Literature DB >> 17803215

DOCKGROUND system of databases for protein recognition studies: unbound structures for docking.

Ying Gao1, Dominique Douguet, Andrey Tovchigrechko, Ilya A Vakser.   

Abstract

Computational docking approaches are important as a source of protein-protein complexes structures and as a means to understand the principles of protein association. A key element in designing better docking approaches, including search procedures, potentials, and scoring functions is their validation on experimentally determined structures. Thus, the databases of such structures (benchmark sets) are important. The previous, first release of the DOCKGROUND resource (Douguet et al., Bioinformatics 2006; 22:2612-2618) implemented a comprehensive database of cocrystallized (bound) protein-protein complexes in a relational database of annotated structures. The current release adds important features to the set of bound structures, such as regularly updated downloadable datasets: automatically generated nonredundant set, built according to most common criteria, and a manually curated set that includes only biological nonobligate complexes along with a number of additional useful characteristics. The main focus of the current release is unbound (experimental and simulated) protein-protein complexes. Complexes from the bound dataset are used to identify crystallized unbound analogs.
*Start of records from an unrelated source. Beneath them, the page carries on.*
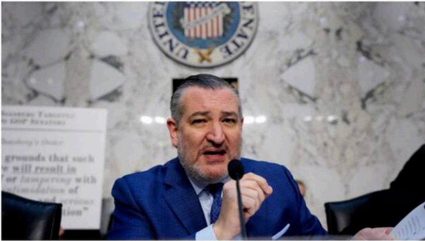
Sen. Ted Cruz.

Теги: Нападение России на Украину Напад Росії на Україну Война Війна США Конгресс США Конгрес США Госдеп США российские наемники Наемники Росія Россия Куба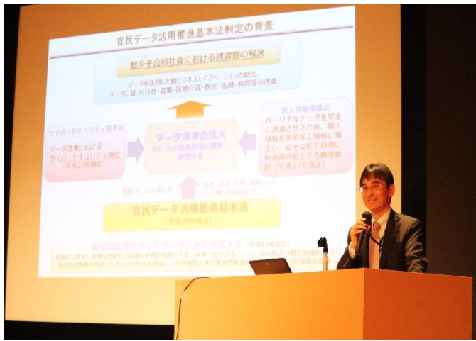
講演 内閣官房 情報通信技術 (IT) 総合戦略室 企画官 縄田 俊之氏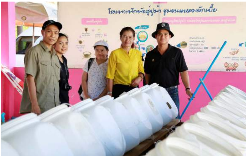
โรงเรือนและอุปกรณ์สำหรับเพาะฟักพันธุ์ปูม้าก่อนปล่อยคืนสู่ทะเล

ปัจจุบันกลุ่มมีวิธีการเพาะเลี้ยงปูม้าบนฝั่ง โดยทำโรงเรือนในการเพาะเลี้ยงอย่างเหมาะสม ซึ่งได้รับความร่วมมือจากสมาชิกในกลุ่ม และการส่งเสริมสนับสนุนจากหน่วยงานภายนอกทั้งภาครัฐและเอกชน โดยชาวประมงที่จับปูม้าที่มีไข่นอกกระดองมาได้ ก็จะนำมาให้ที่ศูนย์เพาะเลี้ยงนี้ เมื่อไขกลายเป็นลูกปูที่สามารถปล่อยสู่ทะเลได้แล้ว ศูนย์เพาะเลี้ยงก็จะคืนแม่ปูให้กับชาวประมงเพื่อนำไปขายต่อไป ศูนย์เพาะเลี้ยงปูม้าแห่งนี้ได้ปล่อยลูกปูม้ากลับคืนสู่ทะเลทุกวัน ประมาณวันละ 1 แสนตัว ซึ่งในบางครั้งสมาชิกก็จะไม่ขอรับคืนปูม้า แต่ยกให้กลุ่มนำไปขายเพื่อนำรายได้เข้ากลุ่มและเป็นทุนสำหรับค่าใช้จ่ายในการบริหารกลุ่มต่อไป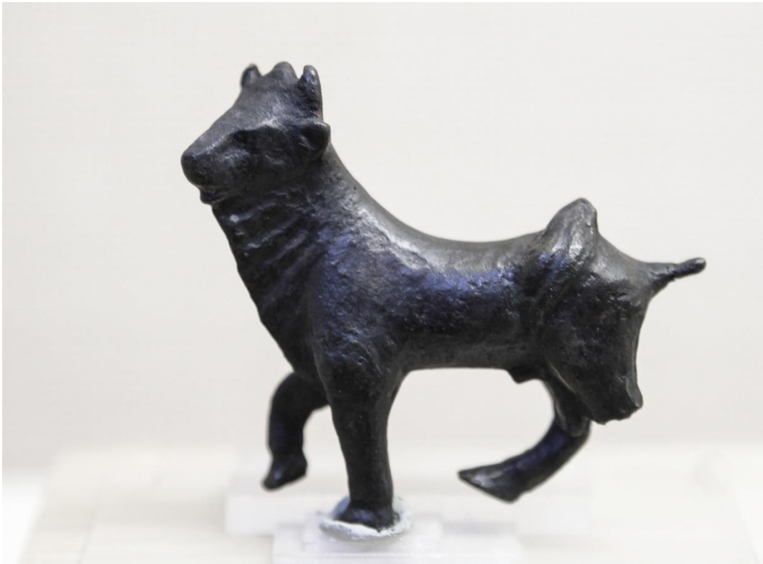
Doc 9 : taureau tricornu

En quoi présente-t-elle un caractère exceptionnel à Plassac ?

If such analogs do not exist, the unbound structures are simulated by rotamer library optimization. Thus, the database contains comprehensive sets of complexes suitable for large scale benchmarking of docking algorithms. Advanced methodologies for simulating unbound conformations are being explored for the next release. The future releases will include datasets of modeled protein-protein complexes, and systematic sets of docking decoys obtained by different docking algorithms. The growing DOCKGROUND resource is designed to become a comprehensive public environment for developing and validating new docking methodologies. (c) 2007 Wiley-Liss, Inc.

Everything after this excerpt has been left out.